American football executive (1946–2003)

John Butler (1946 – April 11, 2003) was a National Football League (NFL) general manager of the Buffalo Bills and the San Diego Chargers.

A native of Chicago, Butler spent four years in the Marines and saw active duty in Vietnam during the Vietnam War. After his discharge, he enrolled at San Bernardino Junior College, then went to the University of Illinois, where he played one season on the offensive line before a knee injury cut short his playing career.

Butler's first NFL job was as a scout for the Chargers in 1985. He joined the Bills in 1987 as the personnel director, then became the team's general manager in 1993. He was in Buffalo's front office for all of its record four straight trips to the NFL championship game from 1991 to 1994. The Bills lost all of those Super Bowls. During his tenure there, the Bills went to the playoffs 10 times and had a record of 140–83.

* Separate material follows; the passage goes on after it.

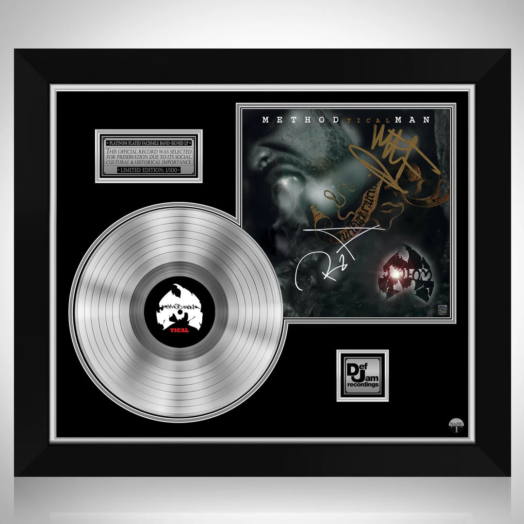 Pay homage to one of the most iconic American rapper of all time Method man , with this gallery-framed, authentic Def Jam records fully licensed facsimile of the official Hand-Signed Platinum Plated LP Record and LP Cover Tical Originally signed by Method man & RZA , of which is strictly limited to 100 units Worldwide and has been approved and numbered accordingly.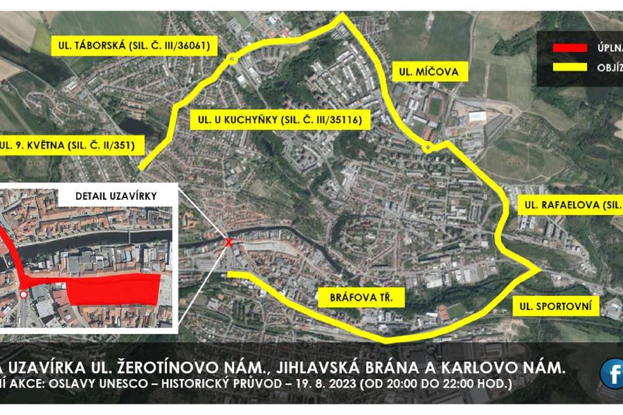 U příležitosti oslav 20. výročí zapsání Třebíče na seznam UNESCO bude v pondělí 14. srpna a od čtvrtku 17. do neděle 20. srpna uzavřeno parkoviště v ulici Pod zámkem. Ve čtvrtek 17. srpna bude zároveň uzavřena židovská čtvrť, z důvodu konání doprovodného programu oslav Toulky židovskou minulostí.

As Buffalo's personnel director, he was known for finding big talent at small colleges, such as wide receiver Don Beebe of Chadron State and defensive end Phil Hansen of North Dakota. He drafted Marcellus Wiley out of Columbia, then signed him as a free agent after he had taken over the Chargers in January 2001.

Butler built the foundation for San Diego's offense by drafting running back LaDainian Tomlinson and quarterback Drew Brees. San Diego went 5–11 and 8–8 in Butler's two seasons, improving from 1–15 the year before Butler's arrival.

Butler died of lymphoma on April 11, 2003. He was 56.